Mergesort is better parallelized, so this might be the best choice if that's what you want. It is also much faster if you execute it directly in a linked list.

Since both algorithms run in O (n * log n), making an informed decision involves profiling them like on the machine on which you would like to run them.

--- EDIT

I decided to test my hypothesis and wrote a C program that measured the time (using clock() ) that was taken to sort the linked int list. I tried with a linked list where each node was assigned malloc() and a linked list where the nodes were laid out linearly in the array, so cache performance would be better. I compared them with the built-in qsort, which included copying everything from a fragmented list to an array and copying the result back.
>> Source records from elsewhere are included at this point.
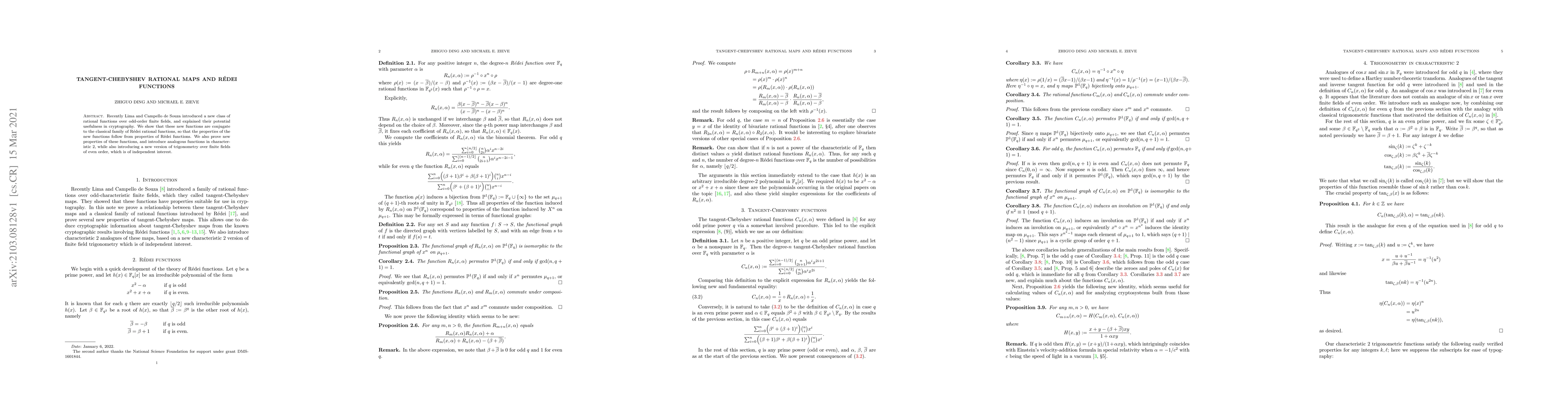 Recently Lima and Campello de Souza introduced a new class of rational functions over odd-order finite fields, and explained their potential usefulness in cryptography. We show that these new functions are conjugate to the classical family of Redei rational functions, so that the properties of the new functions follow from properties of Redei functions. We also prove new properties of these functions, and introduce analogous functions in characteristic 2, while also introducing a new version of trigonometry over finite fields of even order, which is of independent interest.
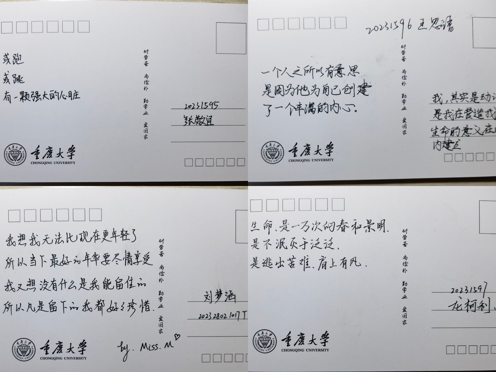 在同学们的热情参与和大力支持下,活动共持续五个小时,收取明信片数百张,经过筛选部分明信片内容展示如下:“生命是一万次的春和景明,是不泯灭于泛泛,是逃出苦难,肩上有风”“或跑,或跳,或有一颗强大的心脏”“我想我无法比现在更年轻了,所以当下最好的年华要尽情享受;我又想没有什么是我能留住的,所以凡是留下的我都好好珍惜”“心里的火永远不要灭,哪怕别人只能看到烟,坚持你的热爱,奔赴下一场灿烂”“予我欢笑,予我苦难,无数次的重组蜕变,只为洞见真我,只为邂逅体验”等来自同学们内心深处的诗意话语,表达了大家对生命、对未来的无限期许。
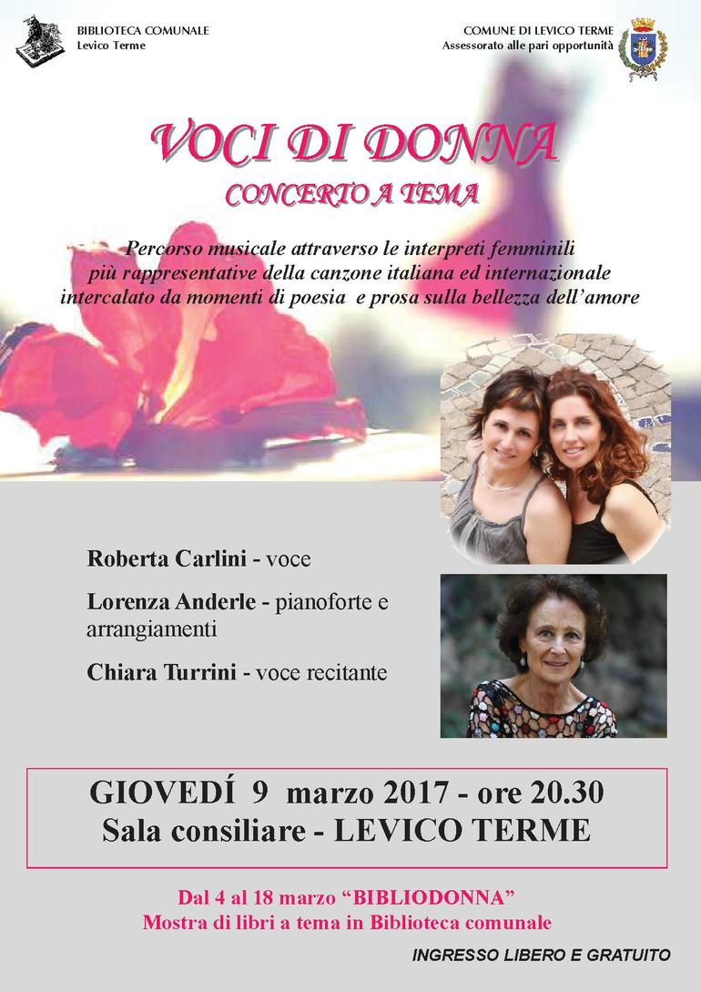 Percorso musicale attraverso le interpreti femminili più rappresentative della canzone italiana ed internazionale intercalato da momenti di poesia  e prosa sulla bellezza dell’amore con Roberta Carlini - voce, Lorenza Anderle - pianoforte e arrangiamenti, Chiara Turrini - voce recitante.
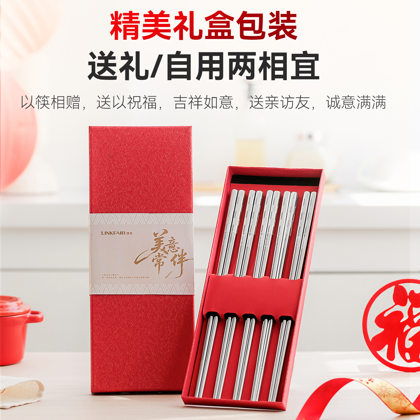 炊大皇鸡翅木筷子家用高档新款 抗菌防霉防滑木质快筷子油炸耐高温

Each algorithm was run on the same 10 data sets, and the results were averaged.

Here are the results:

N = 1000:

Fragmented list with merge sort: 0.000000 seconds

Array with qsort: 0.000000 seconds

Packed list with merge sort: 0.000000 seconds

N = 100000:

Fragmented list with merge sort: 0.039000 seconds

Array with qsort: 0.025000 seconds

Packed list with merge sort: 0.009000 seconds

N = 1,000,000:

Fragmented list with merge sort: 1.162000 seconds

Array with qsort: 0.420000 seconds

Packed list with merge sort: 0.112000 seconds

N = 100,000,000:

Fragmented list with merge sort: 364.797000 seconds

Array with qsort: 61.166000 seconds

Packed list with merge sort: 16.525000 seconds

Output:

At least on my machine, copying to an array is worth it to improve cache performance, since in real life you rarely have a fully-packed list of links. It should be noted that my machine has a 2.8 GHz Phenom II, but only 0.6 GHz RAM, so the cache is very important.

+60
Oct 06 '09 at 12:57
source share

Sort comparisons (i.e. based on element comparisons) cannot be faster than n log n . It doesn't matter what the underlying data structure is. See Wikipedia .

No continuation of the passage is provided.